*TO DO:*
Set down exactly the lines that run from the one containing "Server: Lowest permission." to the end of the material below, both included, without pictures.

*DATA SECTION:*
__________

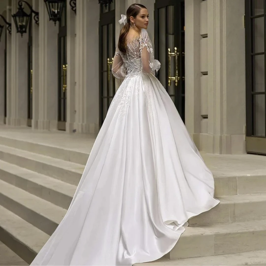 - Avantage : Robe De Mariée Princesse Scintillante Appliques Florales manches longues illusion, traîne, paillettes, sequins, ceinture
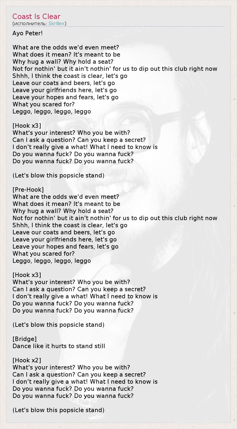 А как ты думаешь, о чем песня "Coast Is Clear" ?
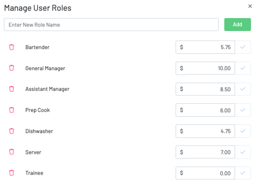 Server: Lowest permission. Required to pin into the POS and allows a staff member to take orders.
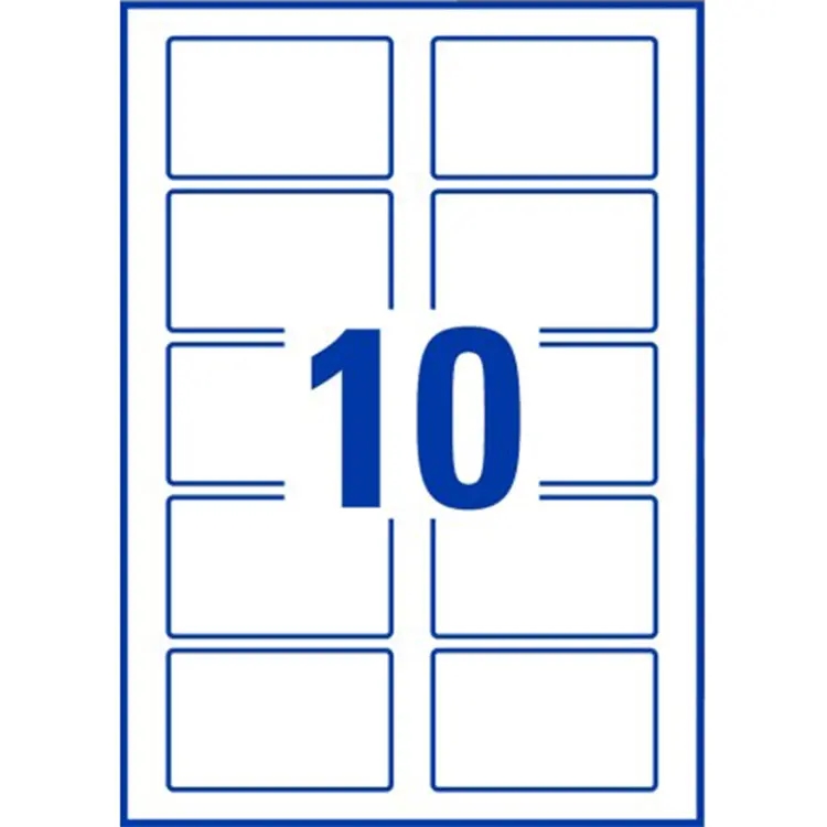A4-ark med udstansede rektangulære etiketter i ekstra kraftig high gloss papirkvalitet (laserprint) og med permanent lim. I alt 500 etiketter pr. æske. Til denne vare tilbyder vi skabelon til Microsoft Word.

__________

*RESULT:*
 Server: Lowest permission. Required to pin into the POS and allows a staff member to take orders.
A4-ark med udstansede rektangulære etiketter i ekstra kraftig high gloss papirkvalitet (laserprint) og med permanent lim. I alt 500 etiketter pr. æske. Til denne vare tilbyder vi skabelon til Microsoft Word.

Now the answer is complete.